Кстати, о вахтенных журналах. Честно говоря, привыкший к жёстким правилам ведения навигационных журналов в нашем военно-морском флоте, я был уверен, что в них будет прямо указана точка якорной стоянки и даже место погребения. Наивный! Ни координат, ни контрольных пеленгов, ни прочих записей, характеризующих безопасность якорной стоянки или направление убытия похоронной партии. Вообще, дисциплина ведения журналов на всех трёх кораблях удручает: кляксы, помарки, зачеркивания и вписывания - всё это никак не может служить образцом для подражания. Более-менее прилично на фоне остальных ещё выглядит вахтенный журнал Корабля Её Величества "Pique", и здесь необходимо отдать должное требовательности капитана или старшего офицера. Но и его разбирать было чрезвычайно тяжело - бисерный почерк, устаревшие и специализированные речевые обороты, аббревиатуры и сокращения... Мне показался странным и совершенно непонятным тот факт, что ни в одном журнале не указано место погребения, зато не забыто время вскрытия очередных бочек со свининой, их номера и количество съеденных кусков. Впрочем, вру - всё в том же журнале фрегата "Pique" за 6 сентября есть запись: 05.00. Отправили покойных (убитых в прошлом бою) на борту "Virago" для захоронения на острове в бухте Тарьинской133. Эта фраза здорово озадачила, но вариант с островом вскоре был отметён как невозможный - видимо, у капитанов фрегатов всё же был разговор о возможном захоронении на острове, однако в итоге было принято другое решение.
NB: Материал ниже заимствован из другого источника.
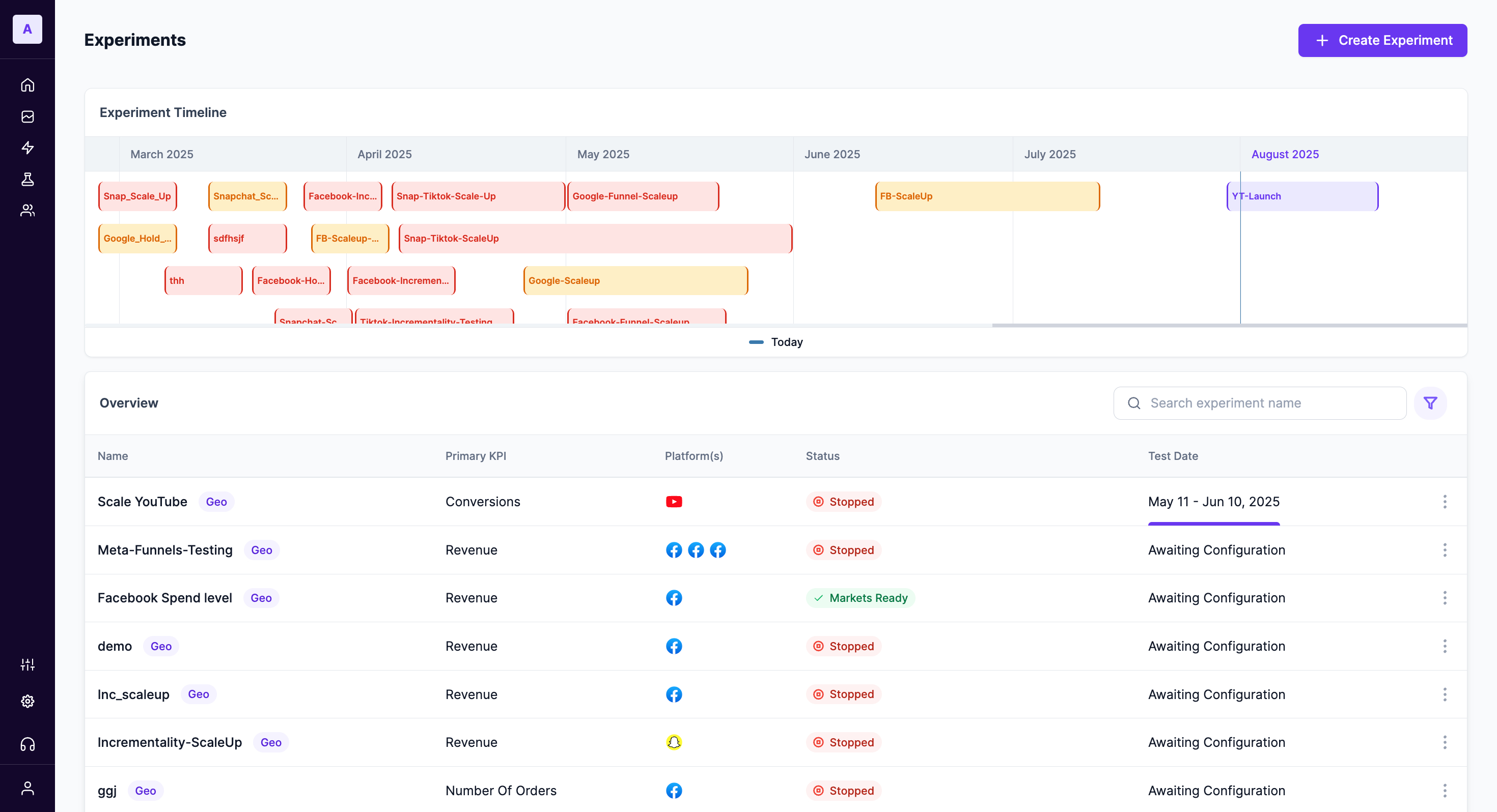 The Experiments dashboard gives you an overview of all the experiments run on Lifesight.
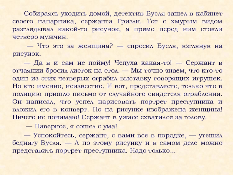 Слайд 22Собираясь уходить домой, детектив Бусля зашел в кабинет своего напарника, сержанта
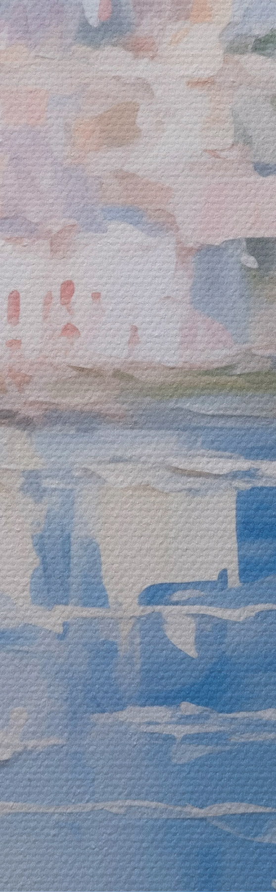 Selle lõuendi peenike niidipunus meenutab professionaalse kunstniku lõuendi pinda.
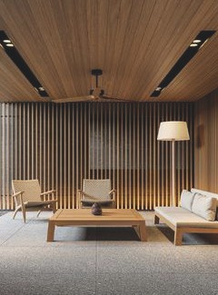 - Indoor relaxation room with lockers and showers
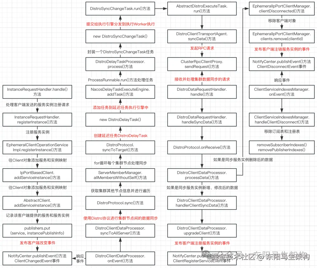 在执行DistroClientDataProcessor的processData()方法时,如果是同步服务实例新增、修改后的数据,则执行DistroClientDataProcessor的handlerClientSyncData()方法。该方法会和处理服务注册时一样,发布一个客户端注册服务实例的事件。如果是同步服务实例删除后的数据,则调用EphemeralIpPortClientManager的clientDisconnected()方法。首先移除客户端对象信息,然后发布一个客户端注销服务实例的事件。
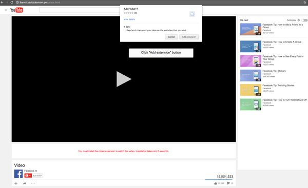 Końcówka svg sugeruje, że załączony plik ze zdjęciem ma niewiele wspólnego. “Zdjęcie”, po pobraniu, uruchamia skrypt w przeglądarce ofiary, który przekierowuje na fałszywe subdomeny podszywające się pod YouTube’a. Przeglądarka informuje, że do odtworzenia filmu potrzebne jest zainstalowanie rozszerzenia, w postaci brakującego codeca.

Первый раз пароход вышел в Тарьинскую бухту в 14.50, и бросил в ней якорь в 16.10, то есть находился в пути 1 час 20 минут. Шестиузловым ходом за это время он прошёл бы почти девять миль - практически до самой бухты Ягодной, если считать от места якорной стоянки объединённой эскадры. Однако любой штурман скажет, что если до входа в Тарьинскую бухту "Virago" вполне могла идти крейсерским ходом, то внутри неё коммандер Маршалл непременно должен был сбавить ход как минимум вдвое, поскольку в незнакомой узкости так поступает любой нормальный капитан, имеющий карты двадцатилетней давности. Кроме того, во второй раз пароход буксировал три гребных баркаса, и поэтому вряд ли имел ход больше четырёх узлов с самого начала. Мы должны эти факторы учесть, и тогда выходит, что пароход дошёл чуть дальше линии мысов Неводчикова - Входной, на два-три кабельтова, не больше. Согласно вахтенному журналу, глубина места была десять саженей. Английская морская сажень (fathom) равна 1,83 метра, в Тарьинской бухте не так уж много мест с такой глубиной, и это также соответствует линии мысов. Дул слабый ветер с зюйд-оста, что вполне типично и соответствует розе ветров Тарьинской бухты, а вот во время вторых похорон якорь был отдан на девяти саженях, и дуло с юга. В восточной части Тарьинской бухты, возле бухты Ягодной, никогда не дует с юга, поскольку гряда сопок (в числе коих сопки Голгофа и Столовая) закрывает бухту от ветра с южного направления. Другое дело - несколько западней, как раз почти на линии мысов, ибо между двумя сплошными стенами сопок имеется щель, и южный ветер здесь является вполне нормальным явлением, хотя и нехарактерен для бухты в целом.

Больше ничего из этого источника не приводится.